Why firing brilliant assholes is required to build a great engineering culture - bberson
http://firstround.com/article/why-firing-brilliant-assholes-is-required-to-build-a-great-engineering-culture

======
jgj
"Engineers care less about equity, salary and benefits and more about the
problems they’re going to be working on."

TIL I am not worthy of the title "Engineer"

I can work on interesting problems on my own time. Salary from some Schmoe's
payroll account enables me to do that.

------
niggler
"Startups are supposed to be technology-driven"
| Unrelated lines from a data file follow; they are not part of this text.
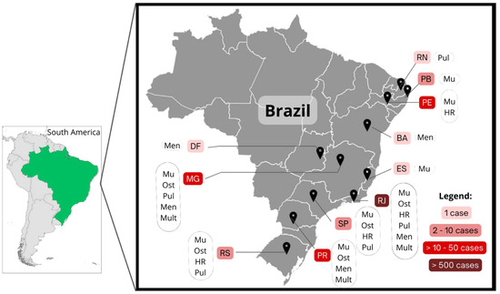 Cases were grouped and analyzed in each category (HRs, mucosal, osteoarthritis, pulmonary, meningeal) regarding sex, age, dispersion in time and location, primary site of infection and sites of dissemination, presence of comorbidities, and outcome. Data compilation and analyses were performed with the Excel software (2013 version, Microsoft Corporation®, Redmond, WA, USA). Geographical analyses were performed using Google Maps (https://maps.google.com/, accessed on 28 February 2024) (Google®, Mountain View, CA, USA) superimposed on a world map, generating a Geographic Information System (GIS). QGIS software version 3.30.0 (Open Source Geospatial Foundation—OSGeo, Anchorage, AK, USA) was used to analyze the geographical distribution of cases.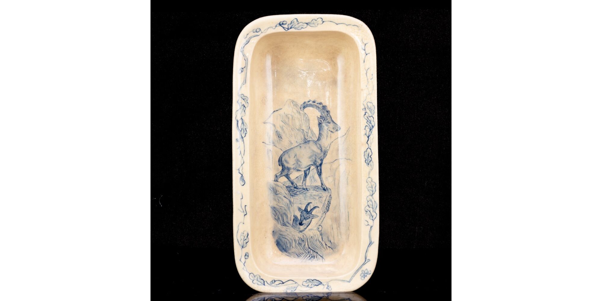 Festett, mázas Zsolnay fajansz, lekerekített sarkú téglatest formájú tálka, tükrében kékkel festett kőszári kecskékkel. Méretei: 5 x 25,5 x 13,5 cm. Zsolnay, Pécs, 1880-1900 körüli. Jelzett: Masszába nyomott Zsolnay Pécs, 306 formaszámmal.
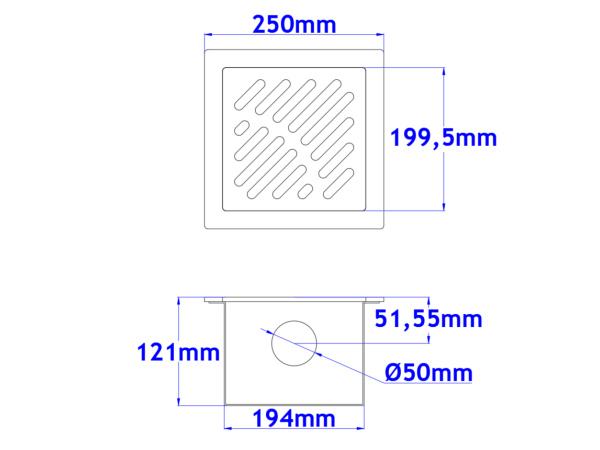 Podni sifon komplet s PERFORIRANIM UZORKOM 250x250x121mm INOKS Ø50mm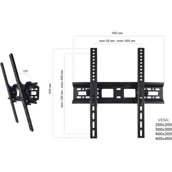 инструкция с картинками существенно упрощают процедуру установки.Особенности:Назначение для LCD- и LED-телевизоровТип кронштейна наклонныйСовместимость поддерживает ТВ с диагональю 26-55Максимальный вес ТВ 30 кг.Крепление стандарта Vesa до 400х400Типы VESA 200x200/300x300/400x200/400x400Угол наклона -5 - 15°Материал корпуса стальЦвет черныйВес 1000 гр.Размеры (ШхВхГ) 470x110x50 мм.Минимальное расстояние от стены 50 мм.Максимальное расстояние от стены 50 мм.

That's untrue. Most startups are focusing on something not purely
technological, in which case the business drives the roadmap. The real problem
is the supposition that a business needs brilliant engineers.

------
tssjkc
"Some founders think that you hire a bunch of great engineers, put them in a
room and awesome stuff is just going to come out." This is so true in every
setting, but especially a start-up where you have to work closely with
everyone. One brat can really spoil the environment!

------
bfwi
You shouldn't stop at assholes. People who make it hard to work together or
people who communicate poorly, are so incredibly frustrating. It doesn't
matter how technically capable they are, it's going to hurt the team effort.

------
shanellem
This reminds me of the post Rand from SEOmoz wrote on his personal blog a
while ago. Great read.